Another way of doing it is to change your program to make it run threads (sometimes called light-weight processes) which have a slightly different process scheduling and can share information a bit easier. Most programming languages have their thread libraries ans it's fairly easy to implement it.

But unfortunately it's not as simple as it may seem. Parallelization brings its own problems and most of the time they're far worse than the benefits. Concurrent access, where two or more processes try to write on the same place (file or variable) at the same time and multiple copies management, where you store a local copy of the same data and must synchronize it to keep it up-to-date with others are the biggest problems for simple parallel solutions.

Also keep in mind that you can't run much more processes than the number of processors you have or the effect will be negative. If you're running local in your multi-core machine or in a multi-machine cluster you must account for all available processors you have and spawn the correct number of jobs to fit your infra-structure.

The easiest way to split parallel execution is by using automation scripts like Makefile, Ant or SCons. You can execute them with a parameter telling the maximum number of jobs to spawn in any given time and it'll automatically take care of the dependencies provided you have programmed it to. One example of Makefile:

# Numeric list, 0-9
NUMBERS=0 1 2 3 4 5 6 7 8 9
# make chunk0 chunk1 ...
CHUNKS=$(NUMBERS:%=chunk%) 

# Main rule, depends on others
run: split_data run_processes check
  echo "Run done"

# Split the data, creating chunk0 chunk1 ...
split_data:
  echo "splitting data"
  split data -chunks 10

# This rule *must* depend on split_data or it'll start concurrently
run_processes: split_data $(CHUNKS:=.log)

# This rule will execute 10 times, one for each chunk
chunk%.log: chunk%
  echo "running program over $<"
  my_program $< > $@

# Also needs to depend on run_processes or it'll check nothing
check: run_processes
  echo "checking results"
  grep -c ERROR *.log

In the code above, when you run make with 10 parallel processes it'll expand all rules (ie. chunk%.log becomes the list “chunk0.log chunk1.log …”) and create a dependency graph.

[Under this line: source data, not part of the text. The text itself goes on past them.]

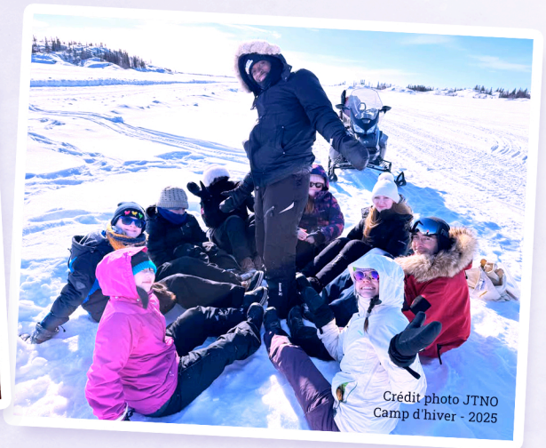
Camp d'hiver - 2025

Aux TNO, c'est sous la bannière de Jeunesse TNO que les jeunes se rassemblent pour créer, s'exprimer et vivre en français. Né du besoin de leur offrir un espace bien à eux, le mouvement a grandi avec la FFT avant de revenir, en 2021, dans le milieu associatif local grâce à une formule de gestion novatrice entre l'AFCY et l'AFTSO.
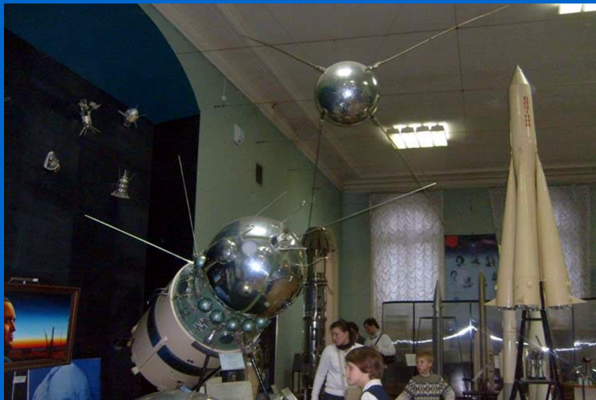
Спутники и корабли
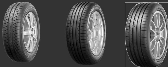
Sport BluResponse Sport BluResponse Sport Maxx RT2
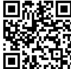
Mer om yrken inom ekonomi
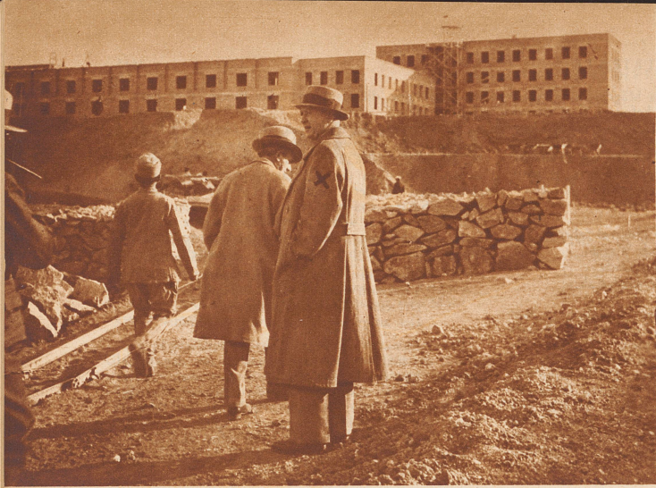
Moderne Türkei. Ein großartiges Regierungsviertel ist in der Hauptstadt Ankara im Entstehen begriffen. Dieses halbfertige Gebäude ist ein Teil davon. Es ist das zukünftige Innenministerium, erbaut nach den Plänen des Wiener Architekten Holzmeister (X), der auch das Nationaldenkmal der türkischen Republik in Ankara geschaffen hat.
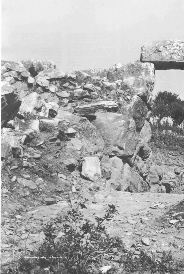
Η ανατολική πύλη του Ραμνούτιος.
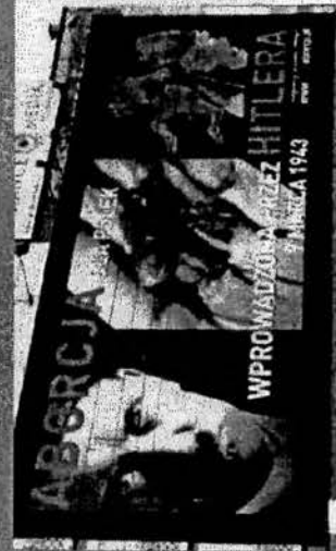
Deutsche Sprache in Polen gegen den vorgeblichen Kindermord im Mordelb

Heutzutage müssten die gesetzlichen Regelungen zur Abtreibung im Frage gestellt werden, fährt der Papst fort. "Parlamente, die solche Gesetze schaffen und verkünden, müssen sich darüber im Klaren sein, dass sie ihre Machtbefugnisse überschreiten und in einem offenen Konflikt mit dem Gesetz Gottes und dem Gesetz der Natur verharren."
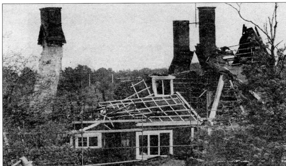
Hotellet brandskadades kraftigt vid branden den 21 september 1893.

En följd av branden blev att Dalarös första stadsplan fastställdes 1899. En annan följd var att en allmän grusväg anlades runt Spegels udde.
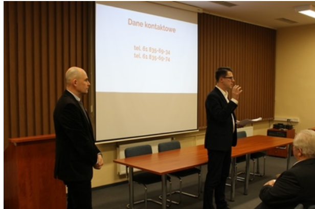
Spotkanie w poznańskim oddziale IPN
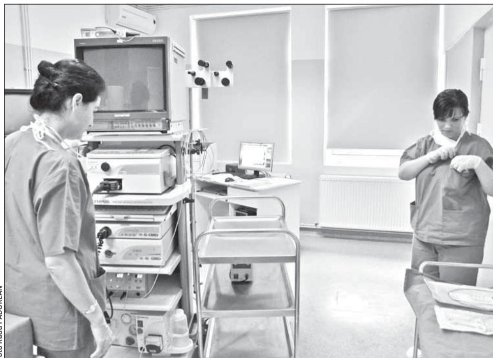
Printre planurile de viitor ale medicilor de la Institutul Regional de Gastroenterologie și Hepatologie se află și realizarea de transplanturi hepatice

Potrivit conducerii institutului, în viitor se va construi și un bloc operator nou, după cerințele UE, și o secție de Terapie Intensivă. De asemenea, în prezent se conturează și o secție de medicină internă cu mai multe departamente: alergologie, cardiologie, oncologie și medicină internă.

It'll start executing every task which dependency was already met and there is process to do it, so even if there are tasks waiting but the number of processes you've asked for is full it'll wait.

In a dual-core machine you would have to run it with only two processes:

$ make -j2
splitting data
...
running program over chunk0
running program over chunk1
...
running program over chunk2
running program over chunk3
...
running program over chunk4
running program over chunk5
...
running program over chunk6
running program over chunk7
...
running program over chunk8
running program over chunk9
...
checking results

As you can see, the splitting data part is running alone, because all other parts depend on it and won't start before it finishes. That's the biggest power of those automation scripts and why they're so widely used for parallelization.

Threads

There are some times when parallelization is not that easy and only by splitting the data file is not enough. Some other times when you want a bit more of control over what's going on with the data for instance when one part of the program needs to access another part while doing some computation.

For that you need to use threads but again, this power comes with a big problem. It's quite difficult (if possible) to migrate threads among different machines. So you'll end up locked on a few number of processors (even octal quad-core machines still have only 32 processors) so that must be used when the problem is not that big or in a local solution inside a broader algorithm.

In a multi-threaded environment you can share some global data between threads (taking special care with the conflicts mentioned earlier) adn you can also spawn different functions on each thread doing different things at the same time. It's much easier to manage this asynchronous execution using threads than using processes as described above. For the later you'd have to use Inter-Process Communication or Message Passing Interface, what would complicate things a bit.

To understand a bit better how threads deal with global data, check this example:

int global_test;

// My thread, changes the value of a global variable
void my_thread () {
  global_test = 10;
}

int main () {
  // Zero the variable
  global_test = 0;

  // Define the thread
  thread child(&my_thread);

  // The variable is still zero
  ASSERT( global_test == 0 );

  // Start the thread
  child.join();
  child.wait();

  // The variable changed to 10
  ASSERT( global_test == 10 );

  return 0;
}

This program have two main lines of execution: main and my_thread where main call my_thread to execute in parallel. Note that main is also running at the same time as my_thread, this is why there is the wait call, so we can be sure that the value of the global variable will be correct at the second ASSERT.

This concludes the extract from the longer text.